I wrote earlier in the week about an email from my friend Nigel where he described having a Camino on his doorstep.  At first, even that sort of wore on me.  I guess I was feeling sorry for myself, I didn’t have that beautiful countryside just out my door.

This week, I also finished re-reading Walking, One Step At A Time by Erling Kagge.  It was a gift from my friend Katja and one that I will probably re-read again (is that a thing?).  It’s not a particularly long book and it’s not a difficult read but, it is packed with insight and I didn’t feel as if I’d captured enough from it on the first read.

Towards the end of the book, page 157 in my edition, Kagge writes “The ability to walk, to put one foot in front of the other, invented us.”  In context, he was writing about Homo Sapiens having not invented walking, a far earlier relative did.  But walking inspired us as creatures to do extraordinary things, to explore.

Reading that and then thinking about Nigel’s Camino made me think about the many places I’ve never walked in Dallas which is another point in Kagge’s book, walking your city and other cities.

So, this morning, I got up, read the paper and took off to explore my neighborhood and others around it.  Earlier, I wrote about the CHG in his narrowboat discovering a city he’d been to many times and I compared it to walking across Spain and seeing it at eye level and in “real” time, not in a car.

I walked about 5 miles/8km down tree lined streets, through 100-year-old neighborhoods and I greeted everyone that I saw.  Some acknowledged me, others pretended not to hear, one stared at me and a few took the opportunity to expand the meaning of social distancing.  It didn’t bother me a bit as a matter of fact, it inspired me to continue to do it.

Kagge talks about walking and preparing to walk which for those that don’t do it regularly it’s often the most difficult part.  When I first started training to walk the Camino de Santiago, we’d walk what I now consider a short distance and we’d be tired.  As we started, our hearts seemed like they were pounding, we labored to breathe, and we sweat.

The body is a funny thing, if you continue to walk, even on that first walk, the body adapts.  Your heart rate drops, your breathing calms and while you still sweat, especially here in Texas, you sweat far less.

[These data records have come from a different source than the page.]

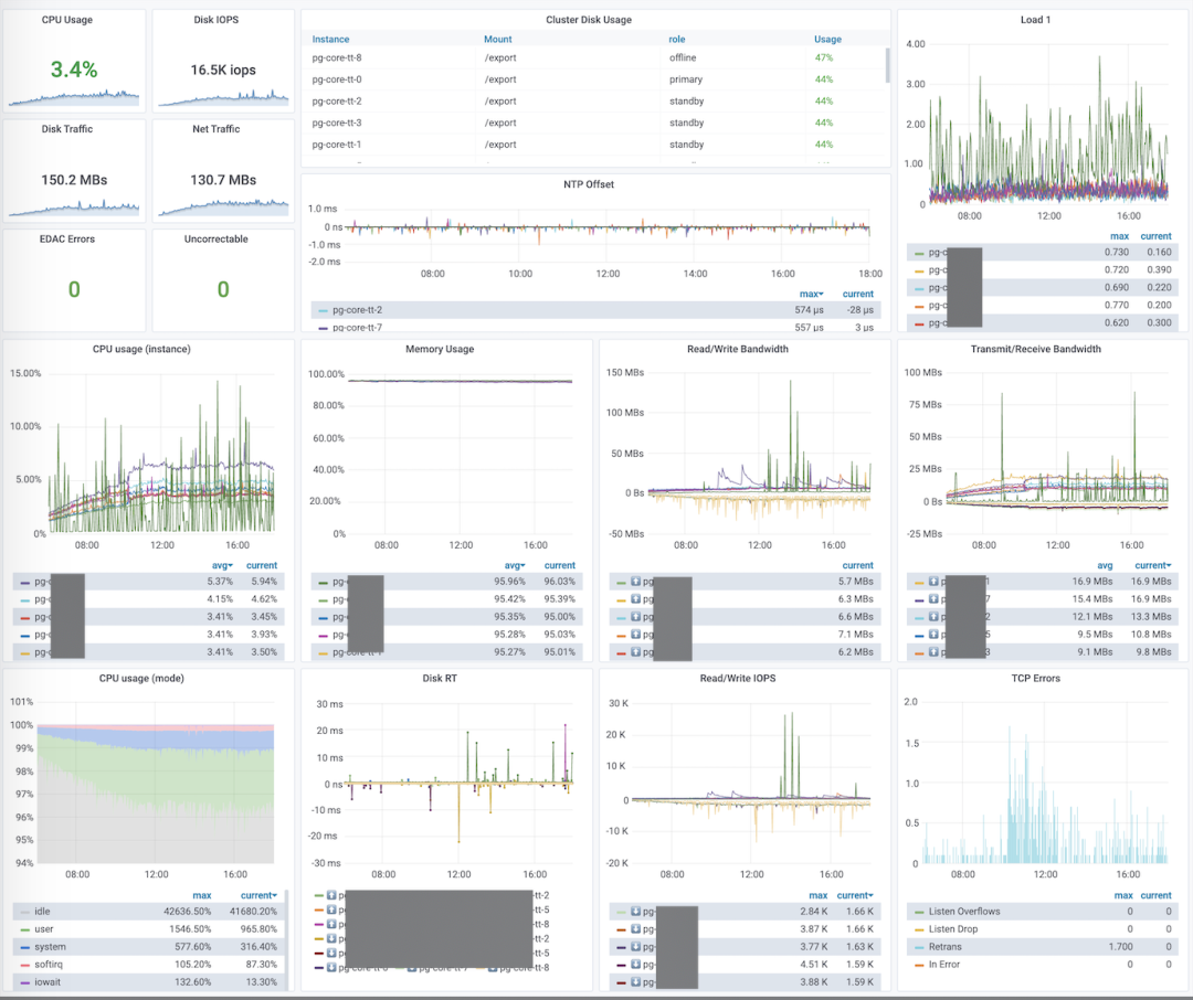 PG Load, Node Load CPU使用,内存使用,磁盘使用,网卡带宽利用率,缓存命中率,后端连接使用,连接池使用
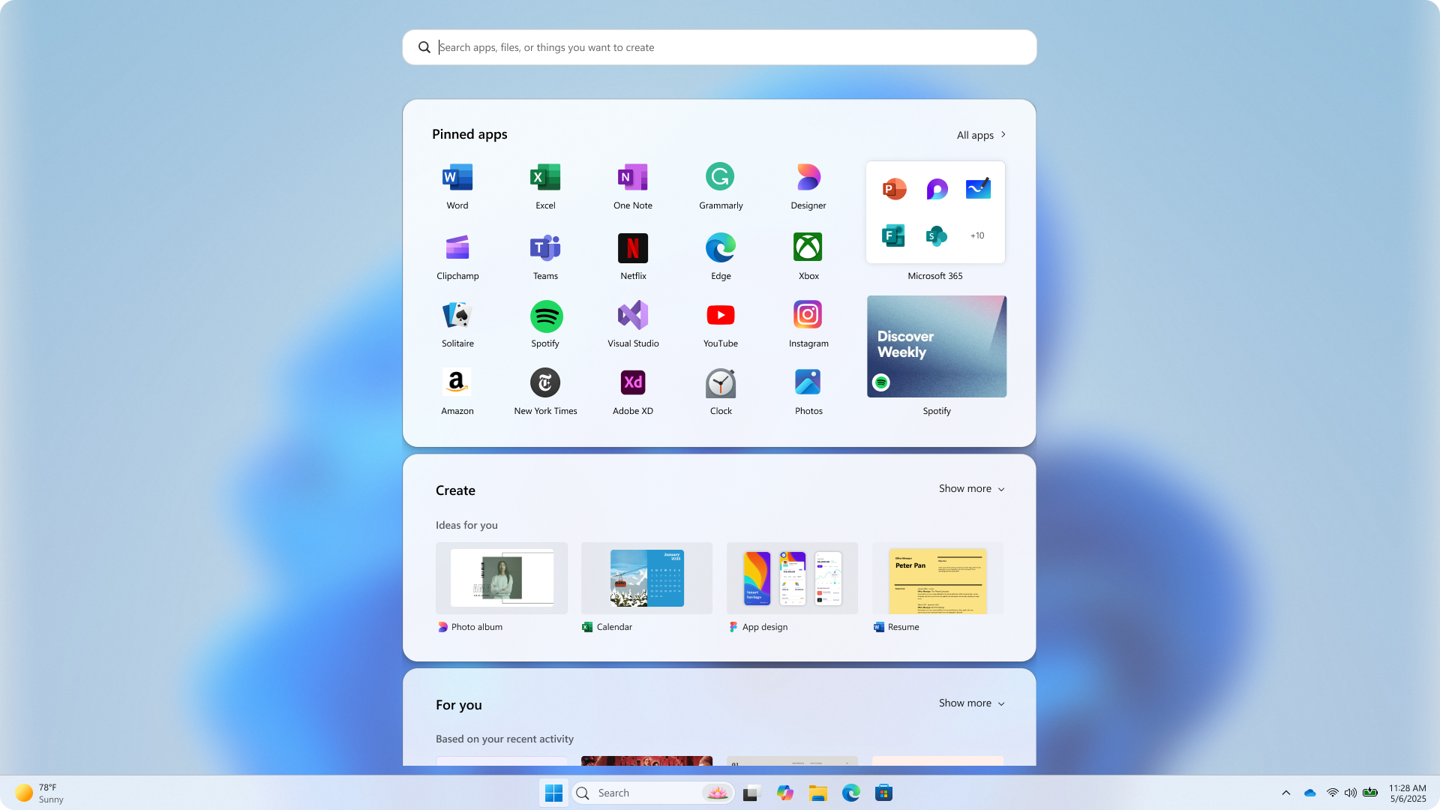 最显著的特征是在左侧引入了“For you”(为你推荐)专区,集成了 Teams、PowerPoint 及 Copilot 等小组件,并在右下角设置了独立的“创建”按钮。
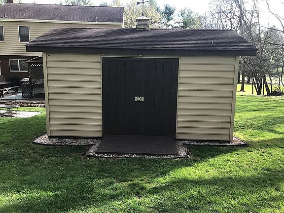 Finished Lower Level with office, study, game room with bar, family room and built in room divider. Pull down steps in garage for storage. Outdoor lighting, Hot Tub, Greenhouse and storage shed with electric. 1.66 Acres, 2 peach, 1 nectarine and 1 apple trees.
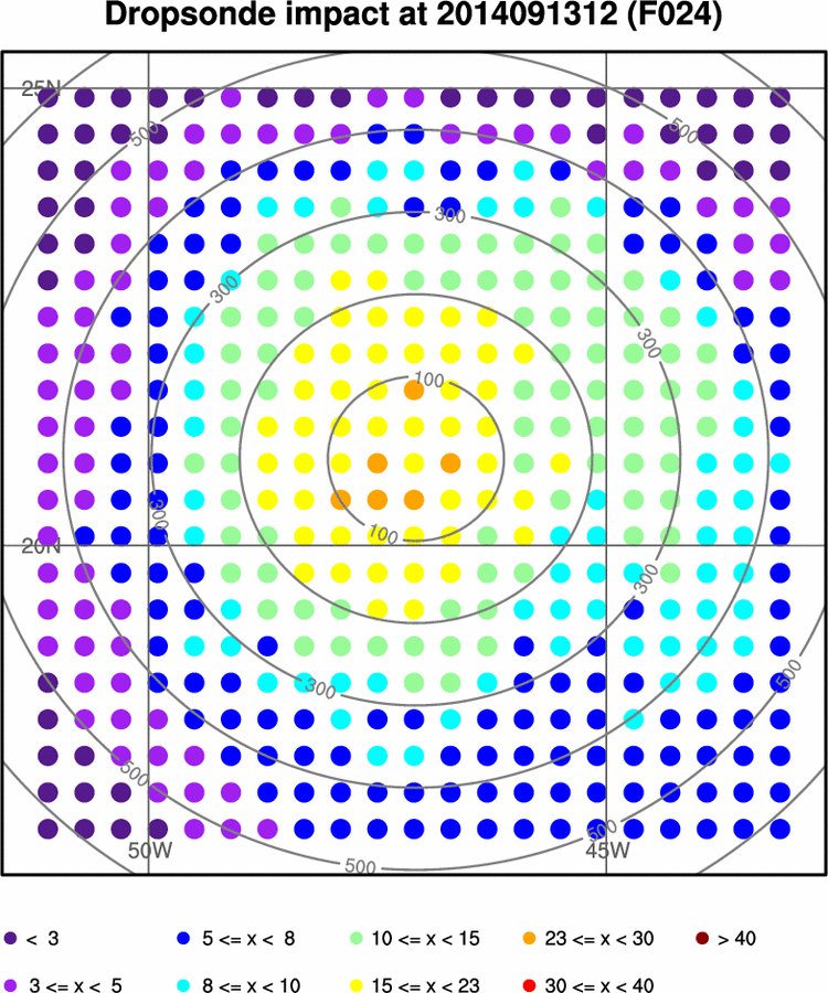 Hypothetical percentage reduction in forecast metric standard deviation due to assimilating all variables from dropsonde at that location.Dropsonde Impact 000 012 024 036 048 060 072 Loop Wind Dropsonde Observation Impact
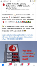 Bitte ergänzt noch folgendes. Es hat Diesel, Bleifrei 95 und Bio Diesel für 1.49 Fr.
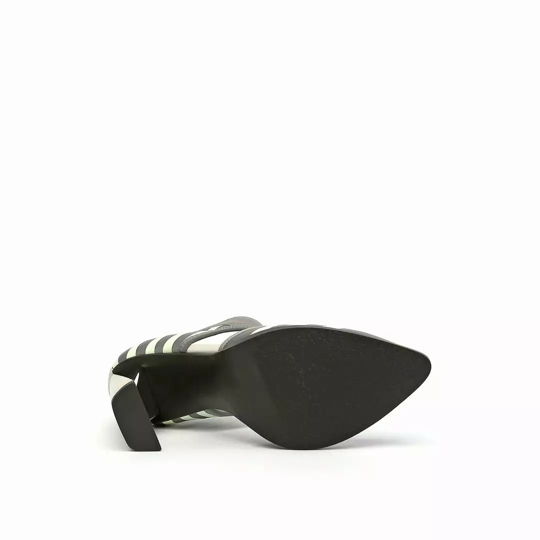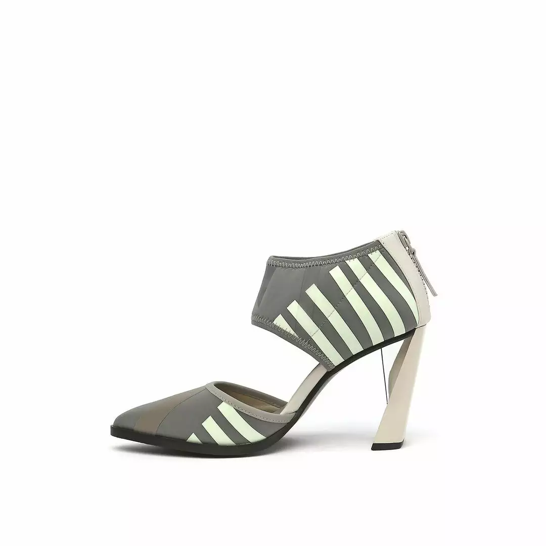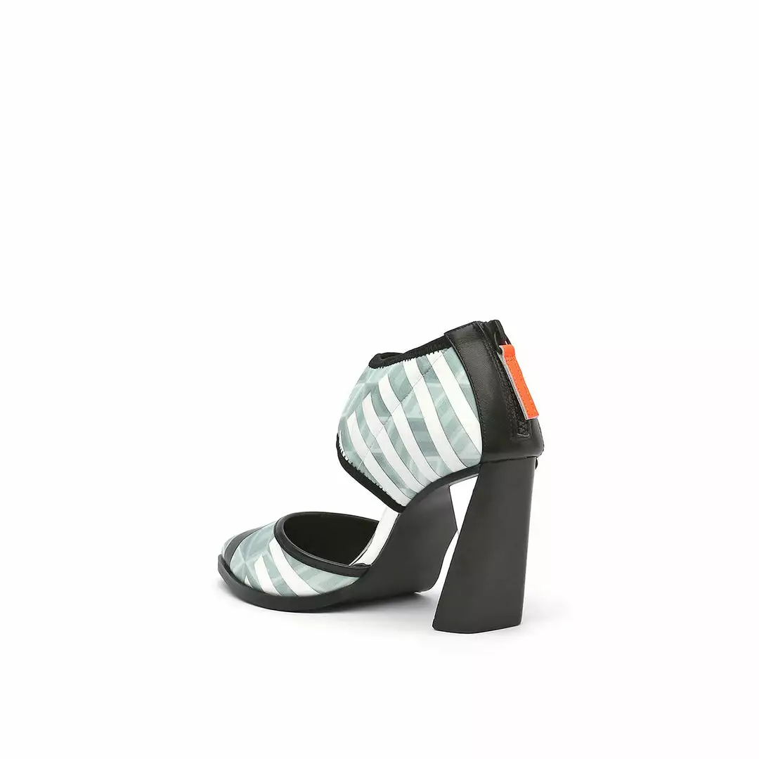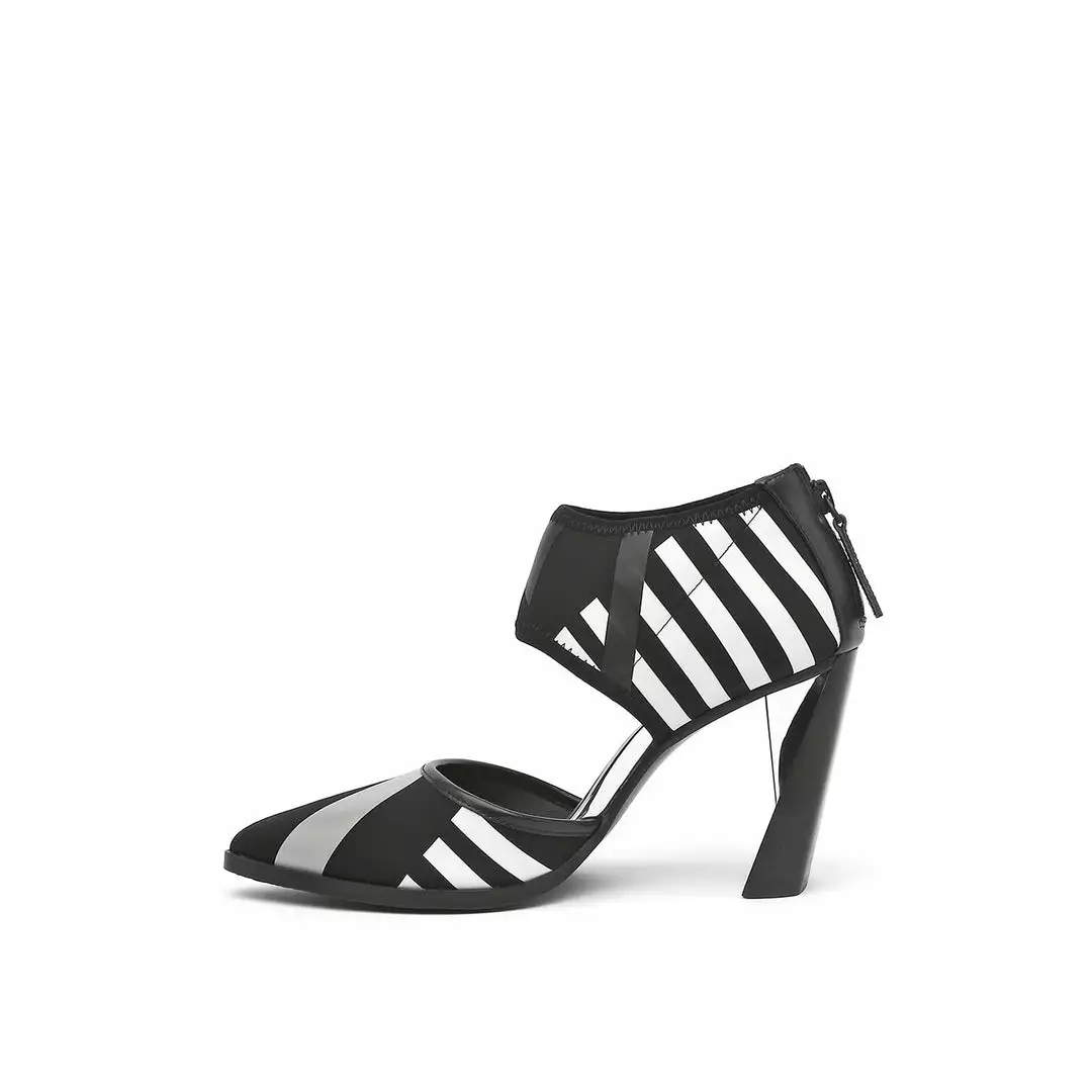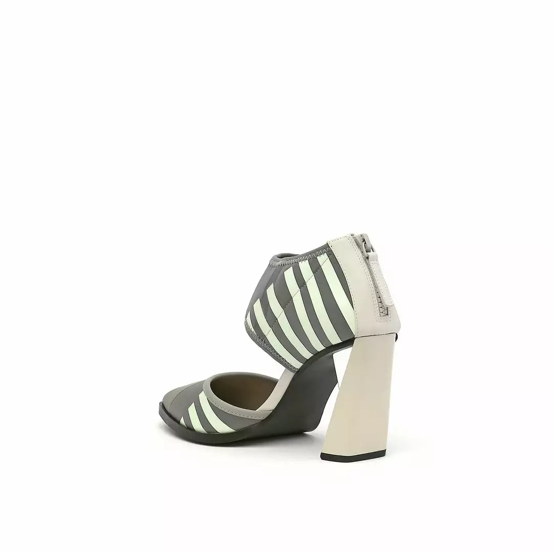 The d’orsay Calli is a pointy toe high heel fabricated with a comfortable neoprene upper and is perched atop a tapering stacked leather block heel.

We adapt.  Exactly as Kagge describes.

As important, your mind begins to slow down and you begin to hear, see, smell, feel and enjoy your surroundings, at least I do.  I did today on my urban neighborhood hike.  As I walked, my inspiration began to return and by the time I was home, I was planning my exploration of the University Crossing Trail.

In these times it’s easy to get sucked into the vortex of negativity, for me anyway.  So, to paraphrase Hippocrates, if you feel poorly, go for a walk.  If you still do, go for another.

Thanks to my friends for the inspiration and motivation, it came at exactly the right time for me.